§ Records for this task
============================================================
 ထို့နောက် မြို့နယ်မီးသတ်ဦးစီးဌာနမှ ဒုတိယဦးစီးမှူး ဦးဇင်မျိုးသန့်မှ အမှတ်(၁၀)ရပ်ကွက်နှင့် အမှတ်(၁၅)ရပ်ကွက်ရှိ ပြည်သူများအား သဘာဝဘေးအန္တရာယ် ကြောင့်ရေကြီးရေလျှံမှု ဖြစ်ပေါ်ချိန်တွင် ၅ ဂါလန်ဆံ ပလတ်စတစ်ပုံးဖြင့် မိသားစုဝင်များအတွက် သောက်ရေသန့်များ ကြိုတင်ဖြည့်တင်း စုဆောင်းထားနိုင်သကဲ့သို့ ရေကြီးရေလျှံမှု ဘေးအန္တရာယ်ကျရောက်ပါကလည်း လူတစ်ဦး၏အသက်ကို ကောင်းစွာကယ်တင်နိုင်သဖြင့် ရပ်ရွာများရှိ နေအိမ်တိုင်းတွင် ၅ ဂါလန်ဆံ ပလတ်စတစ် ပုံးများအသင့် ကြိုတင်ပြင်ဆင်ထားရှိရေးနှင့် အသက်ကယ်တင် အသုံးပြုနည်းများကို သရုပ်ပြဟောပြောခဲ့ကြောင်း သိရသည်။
============================================================
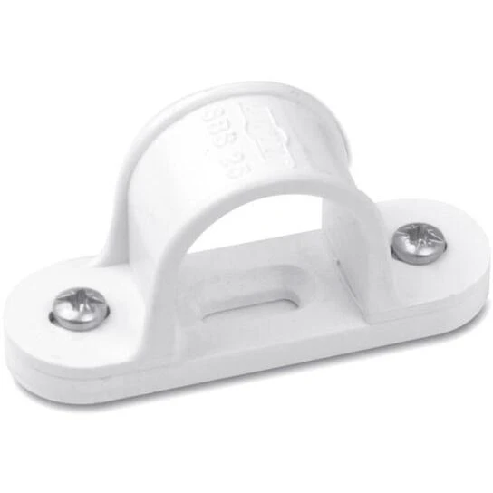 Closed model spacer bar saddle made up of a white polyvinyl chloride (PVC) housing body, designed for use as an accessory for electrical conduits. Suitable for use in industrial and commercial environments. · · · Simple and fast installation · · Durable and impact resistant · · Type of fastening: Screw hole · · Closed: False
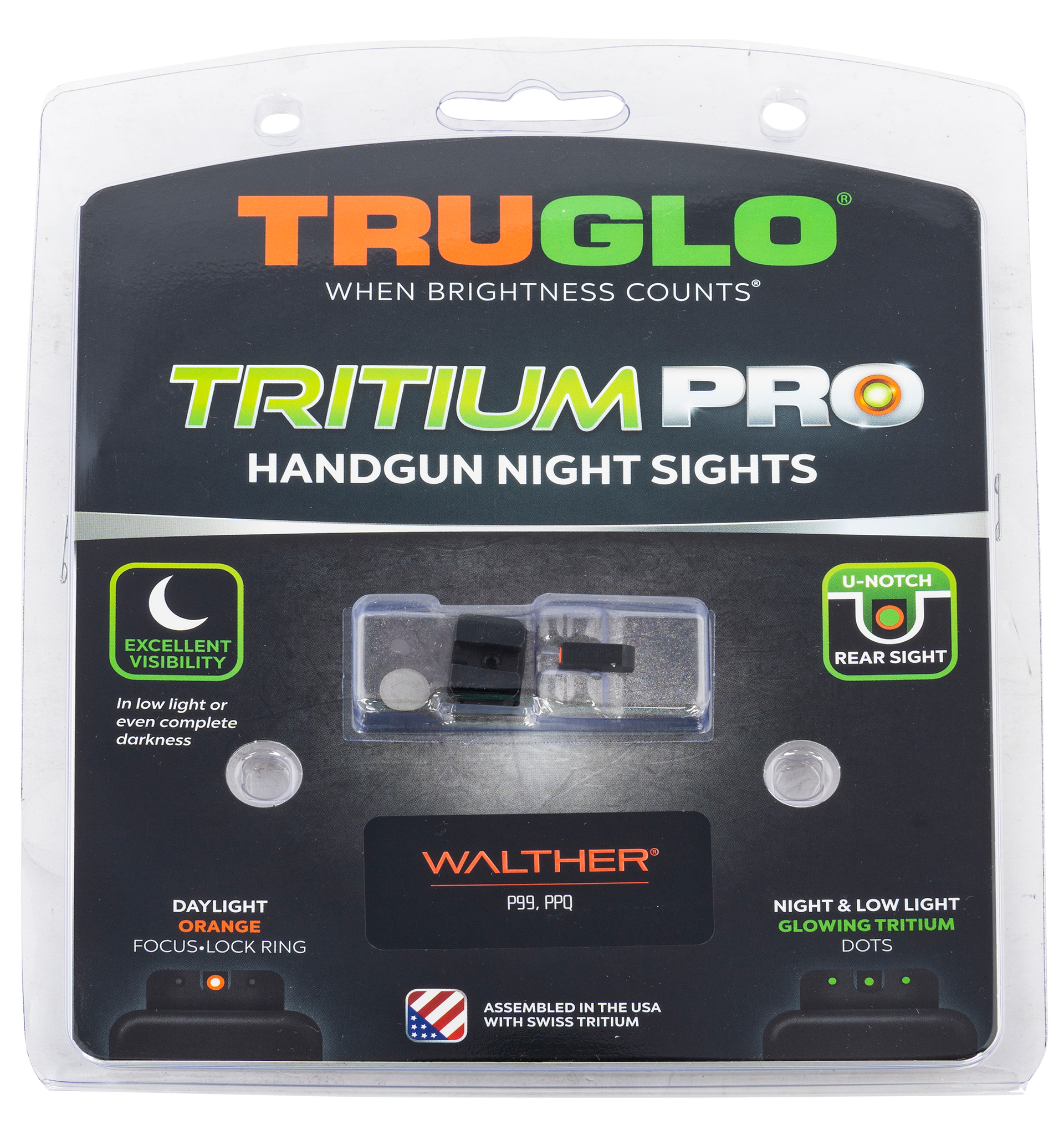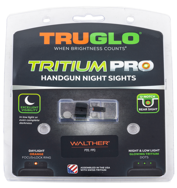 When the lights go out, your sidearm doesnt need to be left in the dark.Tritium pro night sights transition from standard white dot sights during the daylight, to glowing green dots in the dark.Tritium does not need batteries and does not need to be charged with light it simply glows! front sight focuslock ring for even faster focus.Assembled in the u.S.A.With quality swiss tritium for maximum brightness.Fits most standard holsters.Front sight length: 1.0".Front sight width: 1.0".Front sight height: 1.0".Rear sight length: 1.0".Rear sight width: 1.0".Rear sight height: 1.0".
============================================================
§ Exercise goal
Take the material above from the line containing "Closed model spacer" up to and including the line containing "When the lights" and retype it exactly, without any pictures.

§ Solution to the problem
 Closed model spacer bar saddle made up of a white polyvinyl chloride (PVC) housing body, designed for use as an accessory for electrical conduits. Suitable for use in industrial and commercial environments. · · · Simple and fast installation · · Durable and impact resistant · · Type of fastening: Screw hole · · Closed: False
 When the lights go out, your sidearm doesnt need to be left in the dark.Tritium pro night sights transition from standard white dot sights during the daylight, to glowing green dots in the dark.Tritium does not need batteries and does not need to be charged with light it simply glows! front sight focuslock ring for even faster focus.Assembled in the u.S.A.With quality swiss tritium for maximum brightness.Fits most standard holsters.Front sight length: 1.0".Front sight width: 1.0".Front sight height: 1.0".Rear sight length: 1.0".Rear sight width: 1.0".Rear sight height: 1.0".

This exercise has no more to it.